После николаевского боя, ночью, в селе Копани, Гулявин собрал военный совет из командиров рот и батальонов.
Становилось плохо и невозможно держаться на Украине: немцы чугунной лавой давили и сметали слабые, плохо вооруженные отряды красноармейцев.
Нужно было отходить, но не решил еще Василий, куда: к северу или к югу.
В избе, при керосиновой лампочке, склонились над картой обветренные, почернелые лица.
Тыкали в потертую двухверстку мозолистые, черные от грязи пальцы.
– Мое мнение, что к северу идти незачем. Пока мы успеем добраться до Харькова, его займут немцы. Нужно будет пробиваться на Воронеж, а оттуда, по сведениям, жмет казачня. Нам один путь – в Севастополь! Там Советская власть! Флот, матросы, все свое и свои!..
– Ты так. Мишка, думаешь?.. А вы, братва, что мекаете? Ротные командиры согласились с мнением Строева.
– Опять же в Крыму зимой не дюже холодно, – добавил один, закручивая козью ножку.
– Ну, баста! Завтра выступать! А теперь на боковую. Можно выдрыхнуться. Немцы далеко.
Командиры вышли. Гулявин сбросил бушлат и сел разуваться.
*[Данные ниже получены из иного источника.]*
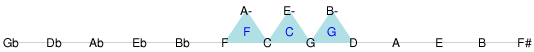 和音を構成する音の周波数関係が単純な整数比であるとき,純正なハーモニーが得られます。このような考え方で作られた音律を純正律といいます。例えば,ハ長調の曲における主要三和音は,Cコード(C-E-G),Fコード(C-F-A),Gコード(D-G-B)であり,これらの和音を純正に演奏するには,ピタゴラス音律の “E,A,B”の音を若干低めに取る必要があります。これらの音は,前回示したピタゴラス音律の直線上に存在しないので,それぞれの和音が正三角形を成すように“E-,A-,B-”をプロットすると,下記のようになります。
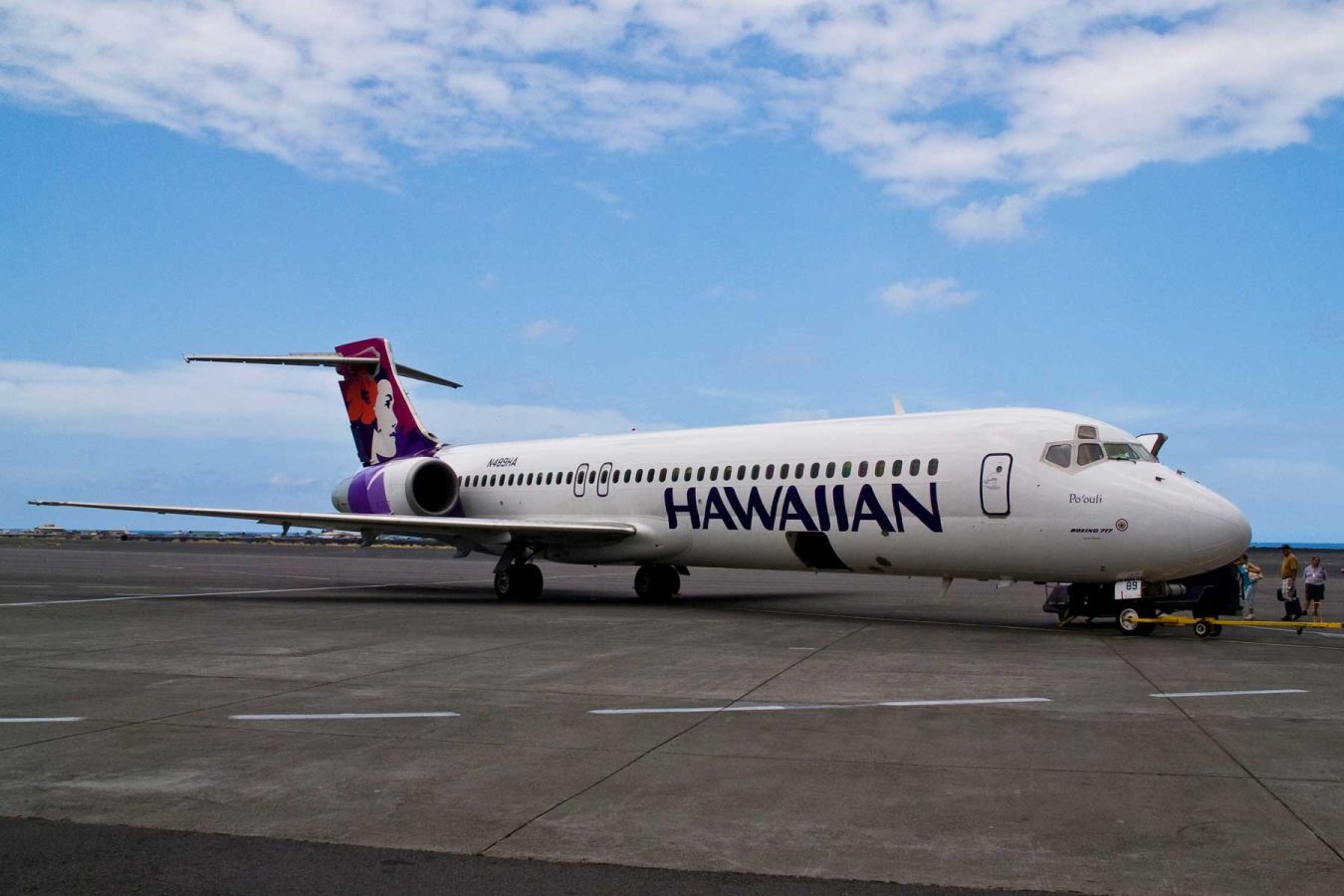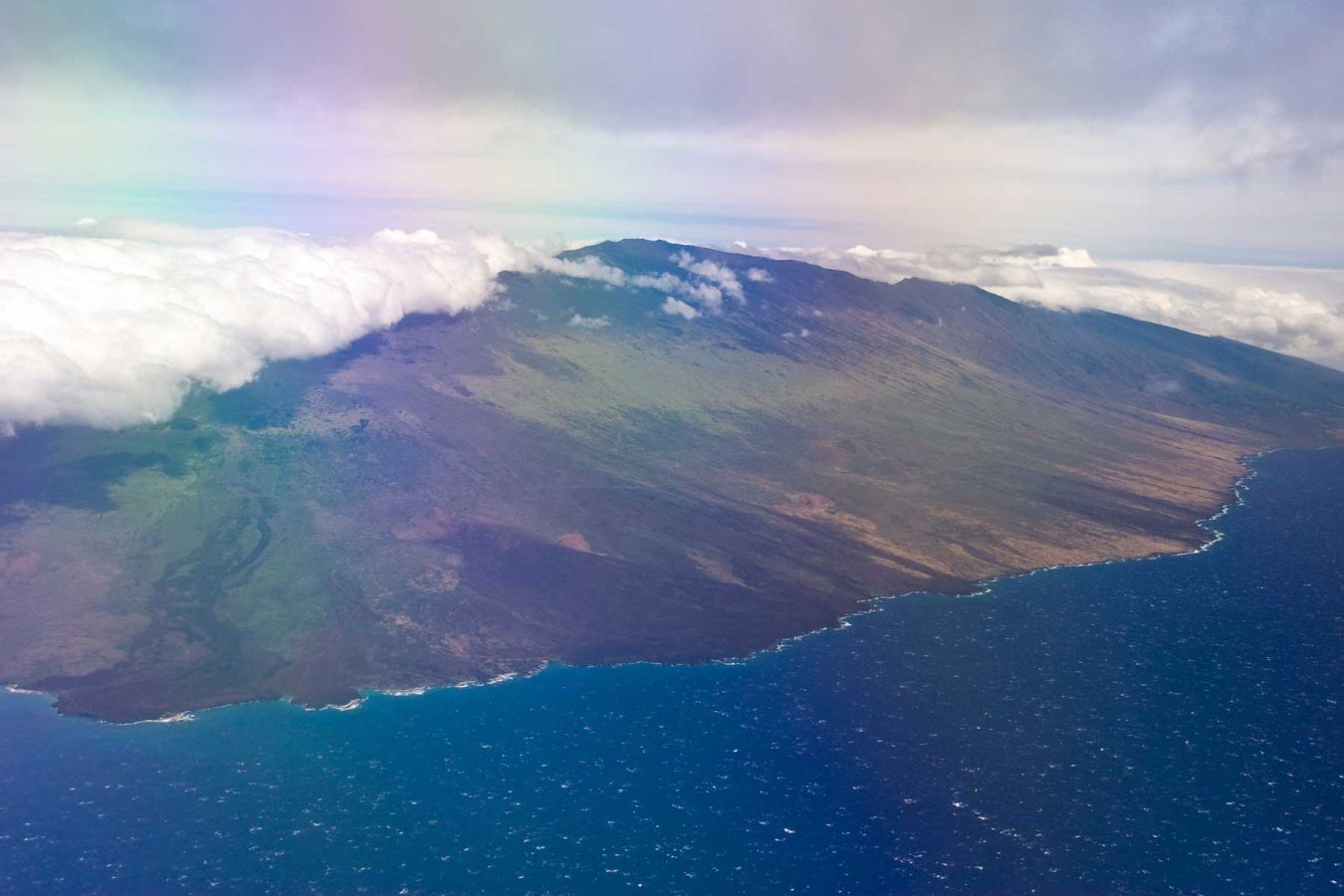 Um 11.00 Uhr folgt ein 29-min-Flug mit Hawaiian Airlines von Kailua-Kona nach Maui mit herrlichen Ausblicken auf die Insel beim Anflug. Man sieht, wie sich die Wolken am Haleakala Crater stauen.

Строев смазывал заедавший маузер.
В дверь постучали, и, не ожидая ответа, вошел начальник разведки.
– Ну, Гулявин!.. Чего вышло!.. Сейчас приведу тебе атаманшу… Баба смачная, есть что помять! Пальцы обсмоктаешь!
– Чего мелешь?.. Какая такая атаманша?..
– А вот сам увидишь! Эй ты, царица персицкая, прыгай сюды! – крикнул начальник разведки в раскрытую дверь.
Глава шестая
Атаманша
Как был Василий со штиблетом в руке, так и замер на припечке.
Смотрит только на дверь, раскрыв глаза, а в двери – чудо Пава – не пава, жар-птица, а в общем – баба красоты писаной.
Бровь соболиная, по липу румянец вишневыми пятнами, губы помидорами алеют, тугие и сочные.
А на бабе серый кожушок новехонький, штаны галифе нежно-розового цвета с серебряным галуном гусарским, сапоги лакированные со шпорами, сбоку шашка висит, вся в серебре, на другой стороне парабеллум в чехле, на голове папаха черная с красным бантом.
Стоит в дверях, глазами поблескивает и усмехается.
Даже глаза протер Гулявин. Нет – стоит и смеется.
– Ты кто такая будешь? – спросил наконец. А она головой встряхнула и коротко:
– Я? Лелька! Супится Гулявин.
– Ты не мотай! Толком спрашиваю. Откедова, кто такая?
– Из мамы-Адессы – папина дочка.
А сама все хохочет.
– Сам знаю, что папина дочка Чем занимаешься, зачем пожаловала?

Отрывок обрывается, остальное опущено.